Kemudian keluar dengan menggandeng Naufal yang diajaknya. Tanpa sepatah kata, Naufal yang masih mengenakan masker ikut duduk bersama setelah bersalaman dengan kedua gurunya tersebut  Untuk sesaat semua jadi hening hingga pak Sutrisno menanyakan ke Naufal perihal penyakitnya.
Betapa terkejutnya pak Sutrisno saat Naufal membuka maskernya. Tampak wajah Naufal yang berwarna biru kehitaman dengan pembengkakan pada mulut, pipi dan lidahnya. Matanya terlihat melotot dan memerah karena menahan rasa sakit yang tak terkira.

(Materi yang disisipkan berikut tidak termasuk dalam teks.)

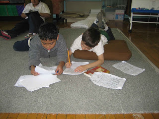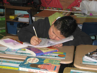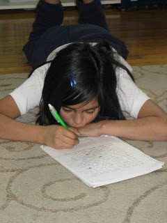 These shots were taken later, during writing activities inspired by my presentation. Don't you love the intense concentration? It's the look of getting lost in the world you're creating...
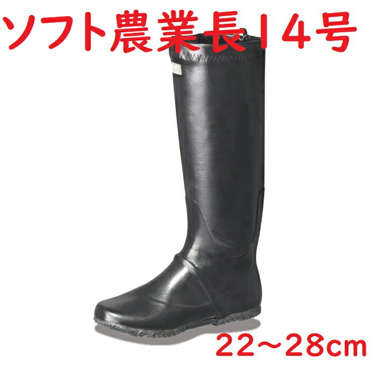 送料無料 ソフト農業長 14号 ブラック 先丸 輪ゴム付 22〜28cm 弘進ゴム 田植長靴 田植え作業 農作業 草刈り 土木建築 河川工事 その他水際の作業など
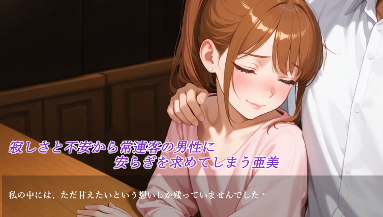 寂しさから店の常連客(あなた)に心を寄せてしまった亜美は、いつしかあなたが代えがたい存在になっていることに気づきます。
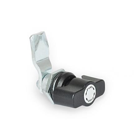 Latches GN 115.9 have a push-to-turn safety function. In the two end positions, the spindle is locked in place by the latch. The device can only be turned 90° when the operating element is pressed down, which releases the safety pin from the locked position. This feature reliably protects the latch from moving on its own or as the result of vibrations.
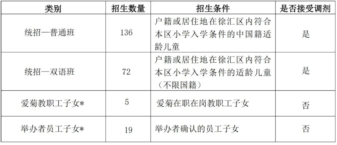 | 上海市徐汇区民办爱菊小学(统招—普通班) | 137 | 户籍或居住地在徐汇区内符合本区小学入学条件的中国籍适龄儿童 | 是 |
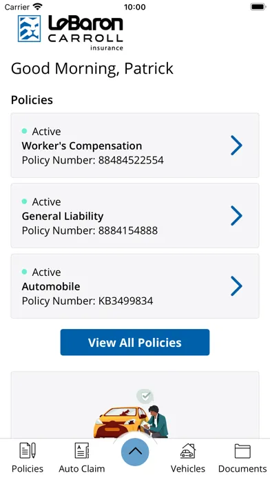 LeBaron & Carroll’s Mobile Dashboard App gives you finger-tip-access to your policy information and other insurance documents - 24 hours a day, 365 days a year! It also allows you to generate liability cards on the spot without ripping apart the glove compartment when you're required to show proof of insurance.
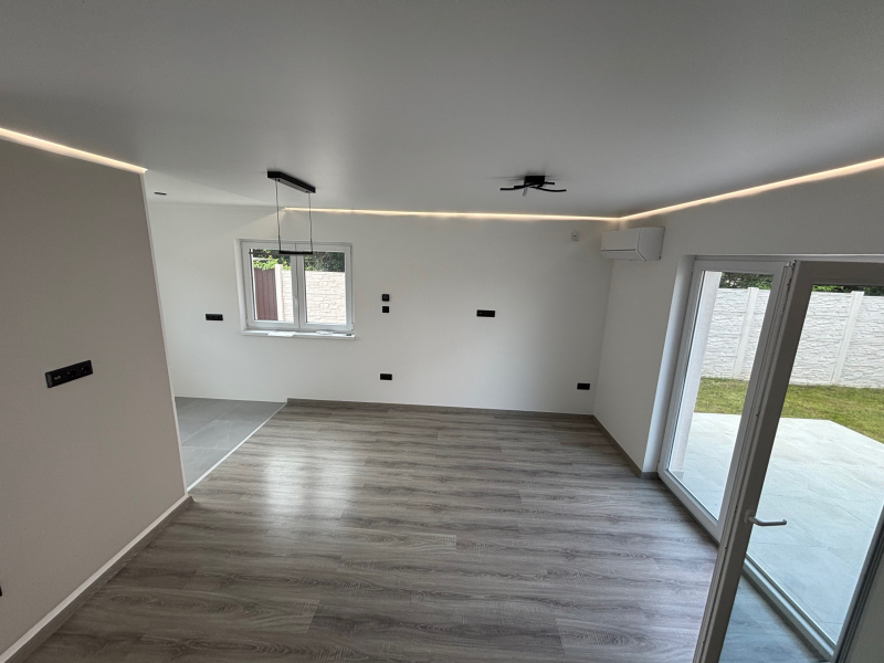 Magas kerítéssel körbekerített saját kerttel rendelkezik ( burkolt terasz kb 12nm + 180nm füvesített kert ), ami intim és biztonságos.
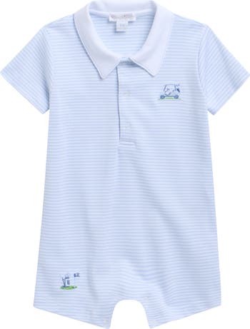Embroidered motifs add sweet and sporty style to a striped romper cut from soft pima cotton and featuring snaps at the legs for quick and easy changes.
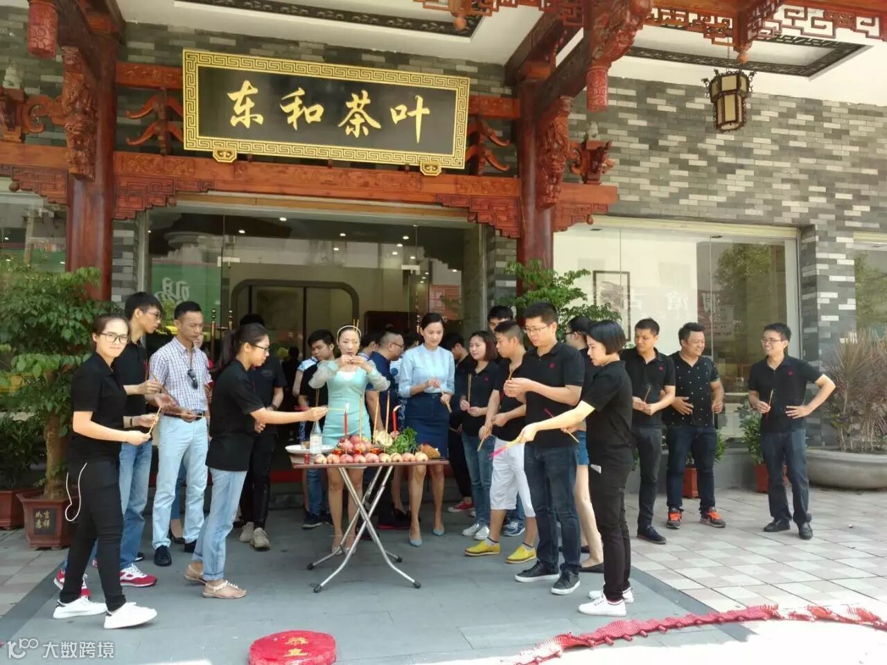为了庆祝东和茶叶第一间分店开业,东和团队集体亮相,现场为东和人敬香,祈求生意兴隆。
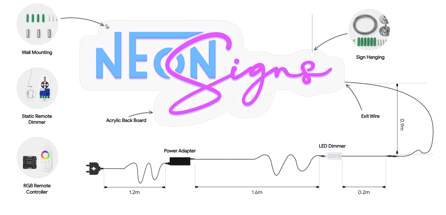 You can refer to the image below to know every detail of your final neon product.
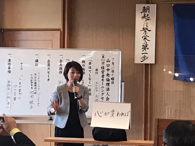 | 講師 | 池田桂子氏(防府市倫理法人会 女性副委員長/ラジオディレクター・パーソナリティ) |

Tubuhnya menjadi lebih kurus dari sebelumnya ditambah posturnya yang tinggi karena mulutnya kesulitan menerima asupan makanan. Hal yang bisa dilakukannya hanya menelan paksa bubur serta minuman saja. Itu pun harus dibantu ibunya.
Sambil berlinang air mata, ibunda Naufal yang sudah menjanda sejak ditinggal mati ayah Naufal sedari kecil, menceritakan bahwa sebenarnya sudah berobat ke beberapa dokter dan kata mereka, tidak ada infeksi apapun pada gigi, geraham, atau lidahnya.Â
Meskipun sudah minum banyak obat yang diberikan oleh dokter, tapi sampai sekarang tidak semakin membaik.
Pak Didik yang duduk di sebelah pak Sutrisno menjadi sedikit curiga dengan pembengkakan yang tampak pada pipi dan bibir di mulut Naufal. Setelah meminta izin, Beliau mencoba meraba pipi Naufal untuk melihatnya dari dekat dan terlihat ada nanahnya.
Tiba-tiba pecah suara di keheningan "Astaghfirullah, dosa apa yang telah kamu lakukan, nak?!", ucap pak Didik dengan nada tergetar. "Naufal, siapa yang telah kamu ludahi, sampai kamu berakibat seperti ini? Ceritakan jujur saja pada saya!" bujuk pak Didik pada Naufal dengan nada pelan penuh kasih sayang.
Naufal dengan berlinang akhirnya mengakui kekhilafannya bahwa minggu lalu telah meludahi baju seorang guru pria yang mengajarnya saat di SMP dulu. Dia beranggapan bahwa nilai raportnya jelek itu  gara-gara ulah guru yang dibencinya sehingga dia tidak bisa diterima di SMA Negeri favorit yang jadi pilihannya.
Tak sengaja, saat berhenti dan bersebelahan di traffict light dekat aloon-aloon dengan guru SMPnya dulu tersebut, karena masih dendam, Naufal pun spontan meludahi baju guru yang pernah mendidiknya tersebut. Hebatnya, reaksi gurunya itu pun hanya menoleh dan tersenyum. Saat tiba di rumah, Naufal merasa antara bangga dan puas karena dendamnya bisa terlampiaskan.
Pak Didik, meskipun jadi guru seni budaya, di zaman modern dan serba digital ini ternyata beliau juga mengusai ilmu metafisika yang berhubungan dunia gaib, yaitu kemampuan mistis menyelisik dunia lain yang tidak bisa dimiliki oleh banyak orang.
Pak Sutrisno juga sempat kaget akan ilmu kebatinan yang dimiliki oleh pak Didik. Bagaimana beliau bisa tahu hanya dengan menyentuh dan melihat bengkak di mulut dan pipi Naufal.